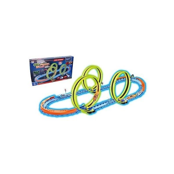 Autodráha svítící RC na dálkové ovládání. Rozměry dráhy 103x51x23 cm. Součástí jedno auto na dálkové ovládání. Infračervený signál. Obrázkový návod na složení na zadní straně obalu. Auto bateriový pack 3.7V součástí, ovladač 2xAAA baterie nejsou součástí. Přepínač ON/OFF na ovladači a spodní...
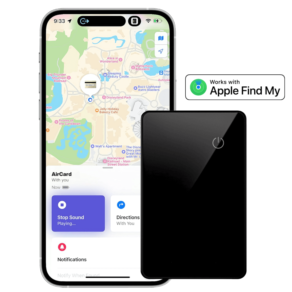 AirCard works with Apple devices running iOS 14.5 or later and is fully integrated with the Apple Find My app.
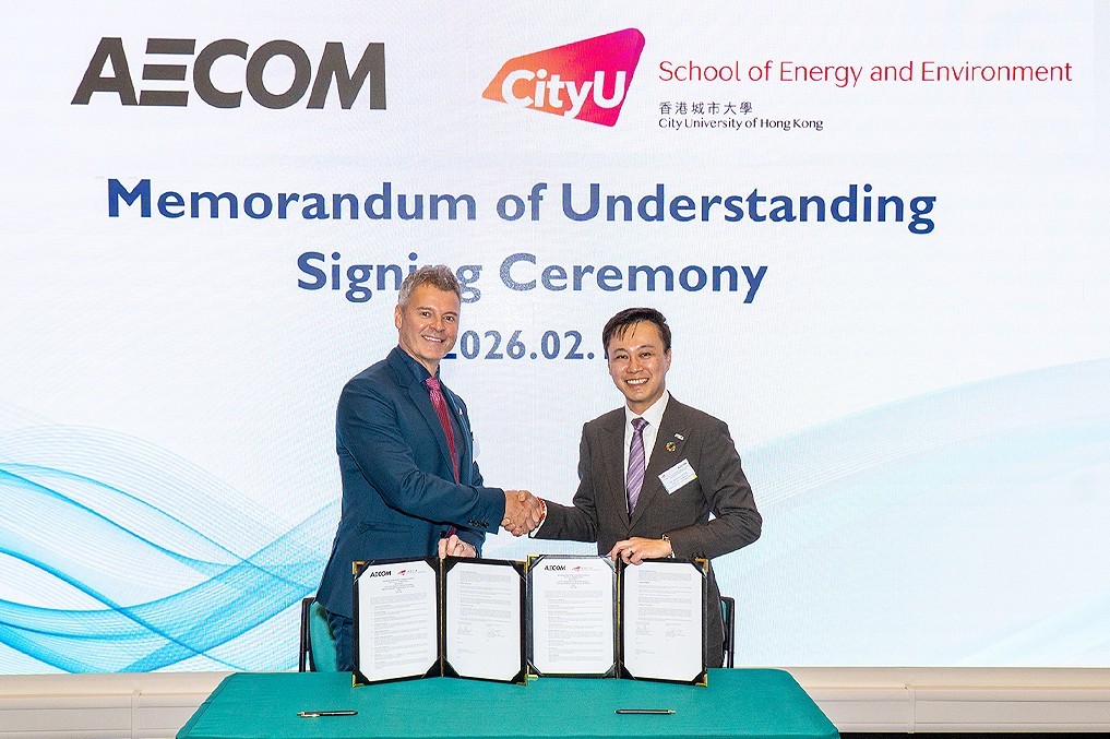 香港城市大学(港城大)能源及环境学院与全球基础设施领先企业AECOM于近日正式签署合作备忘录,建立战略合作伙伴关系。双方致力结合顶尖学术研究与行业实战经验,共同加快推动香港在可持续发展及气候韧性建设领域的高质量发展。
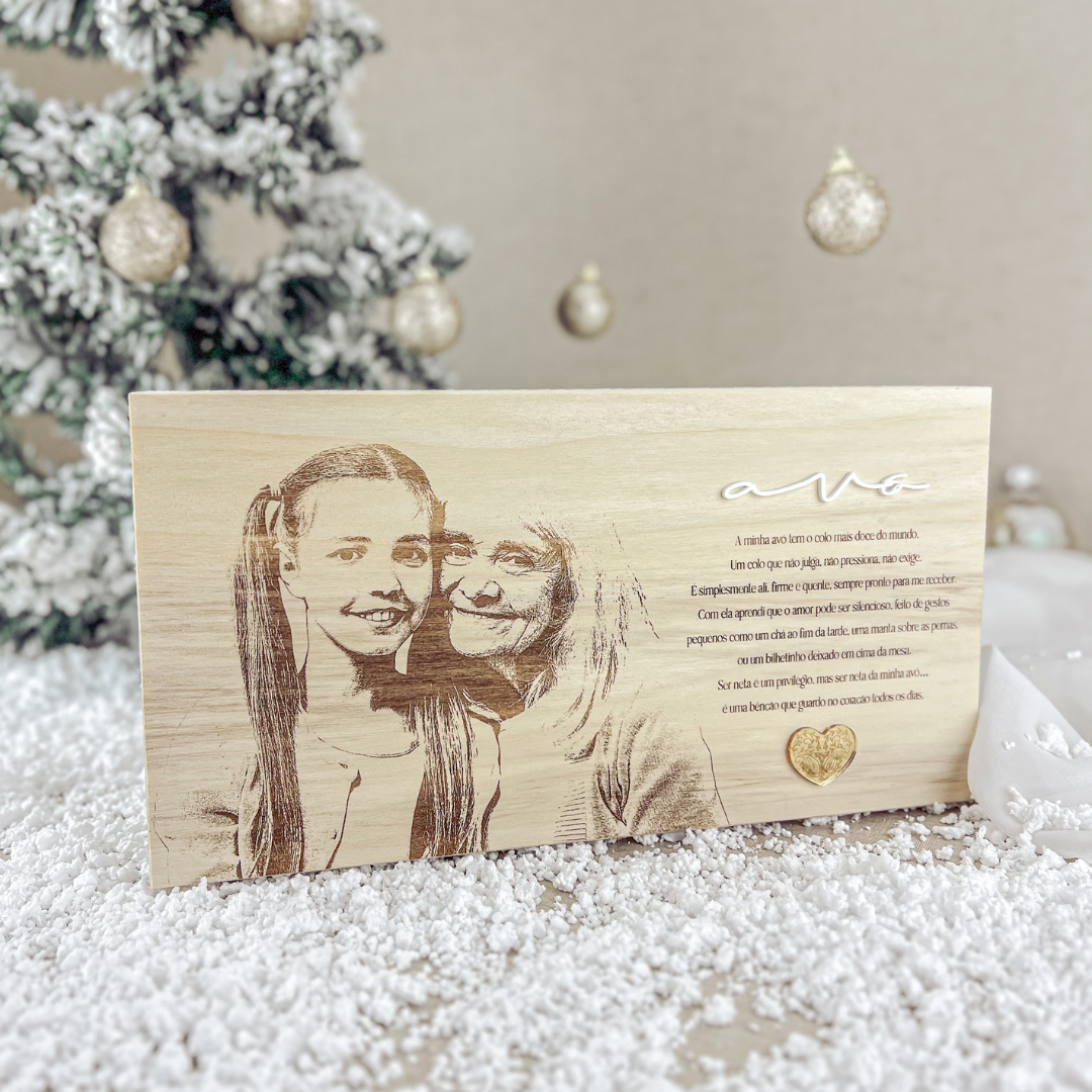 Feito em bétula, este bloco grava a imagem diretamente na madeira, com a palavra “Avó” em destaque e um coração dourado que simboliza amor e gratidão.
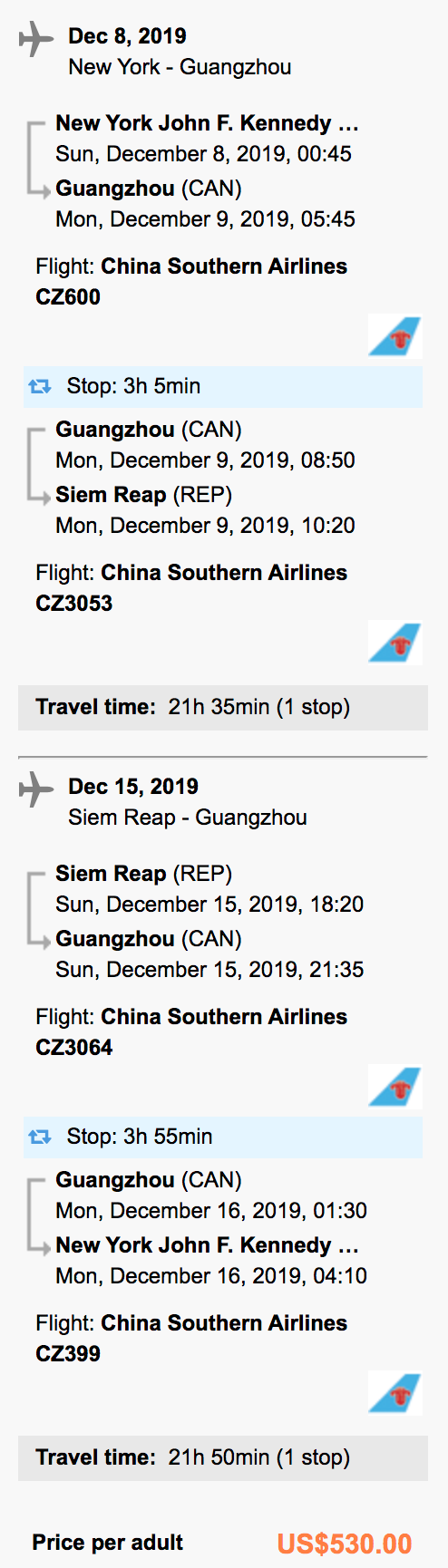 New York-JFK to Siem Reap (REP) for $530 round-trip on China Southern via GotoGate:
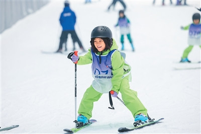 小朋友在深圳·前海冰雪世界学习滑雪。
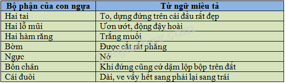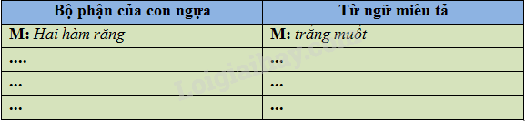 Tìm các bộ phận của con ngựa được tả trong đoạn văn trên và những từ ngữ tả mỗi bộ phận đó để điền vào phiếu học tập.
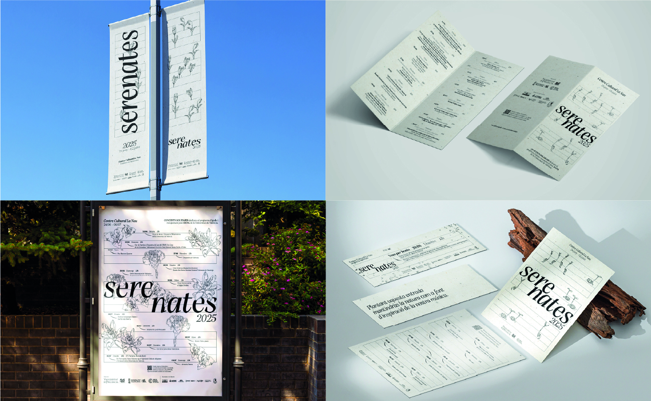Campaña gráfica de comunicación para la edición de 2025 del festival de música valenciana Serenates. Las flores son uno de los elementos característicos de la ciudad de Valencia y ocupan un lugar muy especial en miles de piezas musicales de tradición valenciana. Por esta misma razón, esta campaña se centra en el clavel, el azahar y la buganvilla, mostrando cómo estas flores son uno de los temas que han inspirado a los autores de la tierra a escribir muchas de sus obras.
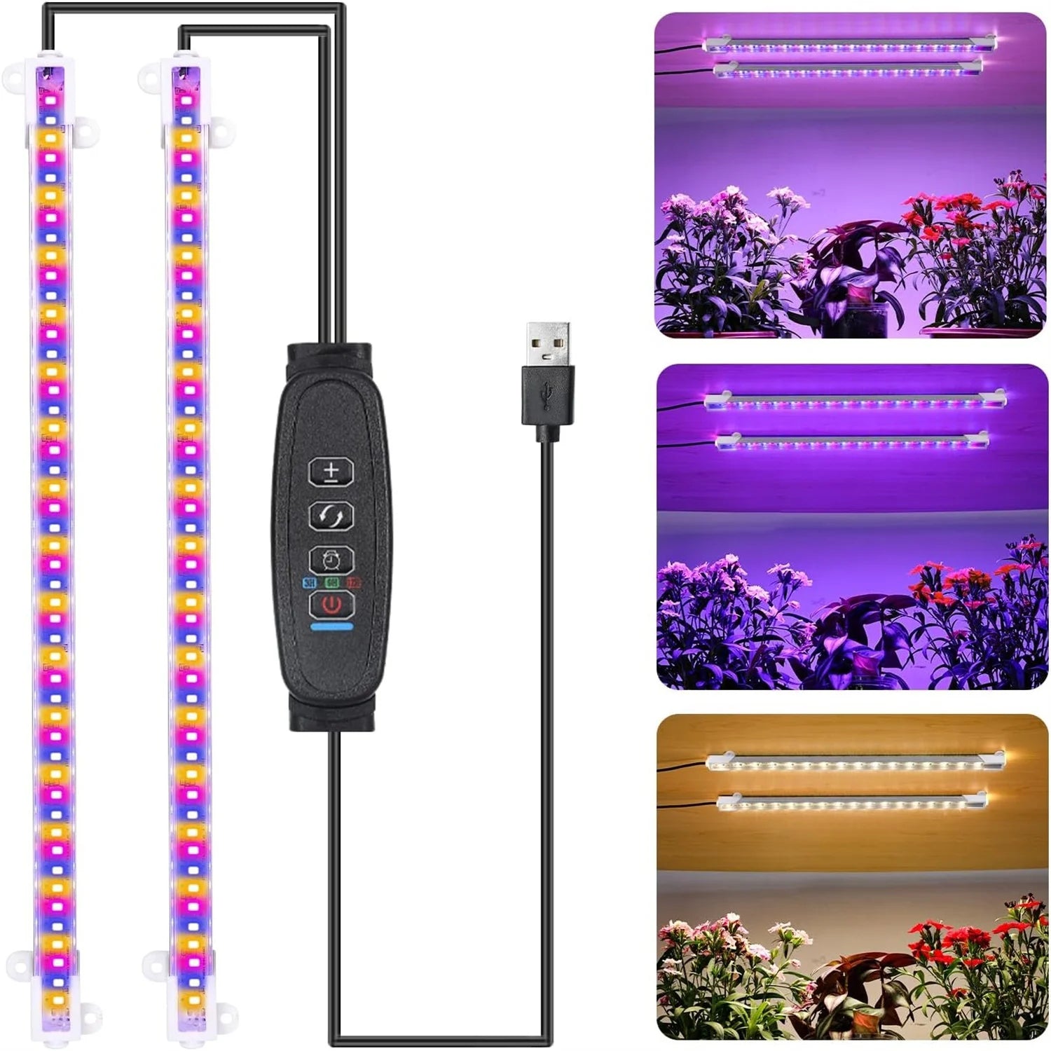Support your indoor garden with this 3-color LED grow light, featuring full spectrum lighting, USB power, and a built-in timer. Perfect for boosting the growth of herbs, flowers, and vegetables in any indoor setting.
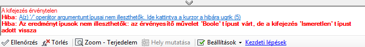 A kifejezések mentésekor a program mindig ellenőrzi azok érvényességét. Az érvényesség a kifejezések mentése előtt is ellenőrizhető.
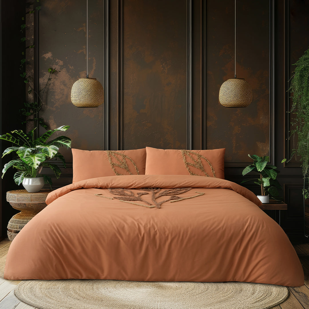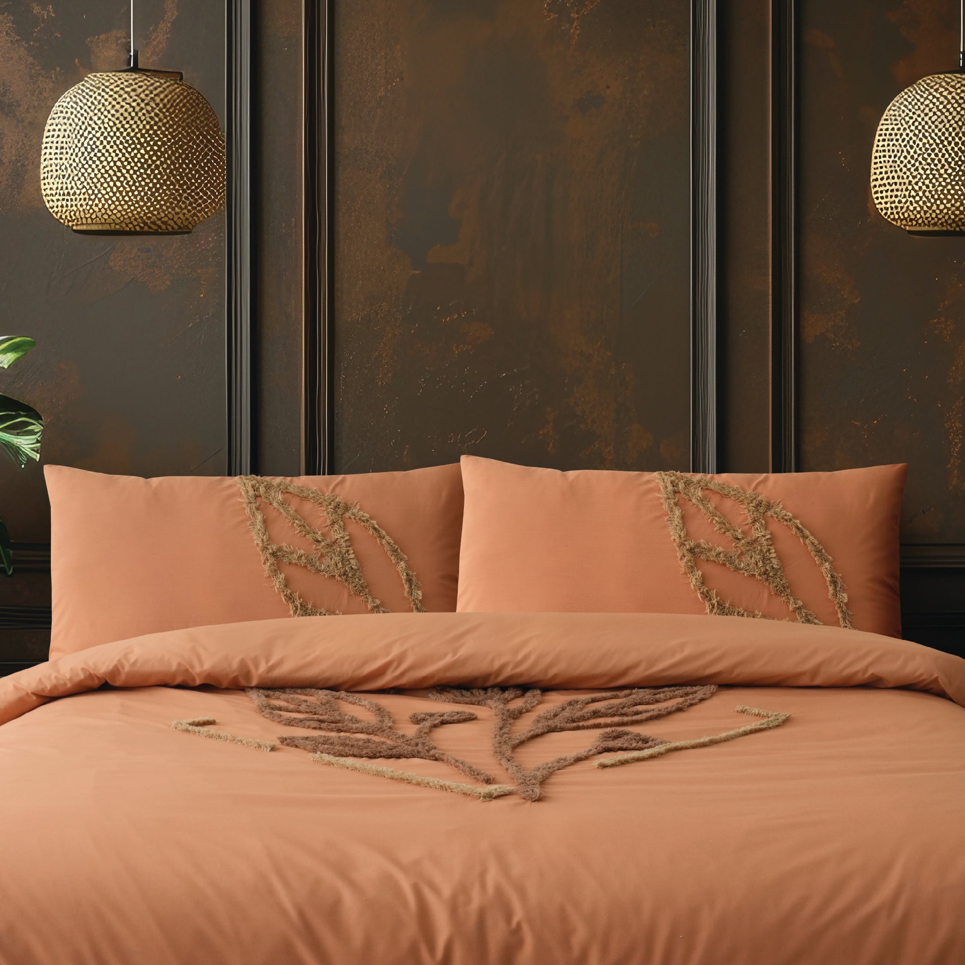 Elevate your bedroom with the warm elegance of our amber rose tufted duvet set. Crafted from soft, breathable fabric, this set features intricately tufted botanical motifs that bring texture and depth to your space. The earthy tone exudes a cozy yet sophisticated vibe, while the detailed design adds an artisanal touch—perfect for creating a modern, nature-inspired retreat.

Exercise
Without any pictures, please write out the lines from the one containing "Feito em bétula, este" through the final line of the data, exactly and inclusive of both ends.

Final answer
 Feito em bétula, este bloco grava a imagem diretamente na madeira, com a palavra “Avó” em destaque e um coração dourado que simboliza amor e gratidão.
 New York-JFK to Siem Reap (REP) for $530 round-trip on China Southern via GotoGate:
 小朋友在深圳·前海冰雪世界学习滑雪。
 Tìm các bộ phận của con ngựa được tả trong đoạn văn trên và những từ ngữ tả mỗi bộ phận đó để điền vào phiếu học tập.
Campaña gráfica de comunicación para la edición de 2025 del festival de música valenciana Serenates. Las flores son uno de los elementos característicos de la ciudad de Valencia y ocupan un lugar muy especial en miles de piezas musicales de tradición valenciana. Por esta misma razón, esta campaña se centra en el clavel, el azahar y la buganvilla, mostrando cómo estas flores son uno de los temas que han inspirado a los autores de la tierra a escribir muchas de sus obras.
Support your indoor garden with this 3-color LED grow light, featuring full spectrum lighting, USB power, and a built-in timer. Perfect for boosting the growth of herbs, flowers, and vegetables in any indoor setting.
 A kifejezések mentésekor a program mindig ellenőrzi azok érvényességét. Az érvényesség a kifejezések mentése előtt is ellenőrizhető.
 Elevate your bedroom with the warm elegance of our amber rose tufted duvet set. Crafted from soft, breathable fabric, this set features intricately tufted botanical motifs that bring texture and depth to your space. The earthy tone exudes a cozy yet sophisticated vibe, while the detailed design adds an artisanal touch—perfect for creating a modern, nature-inspired retreat.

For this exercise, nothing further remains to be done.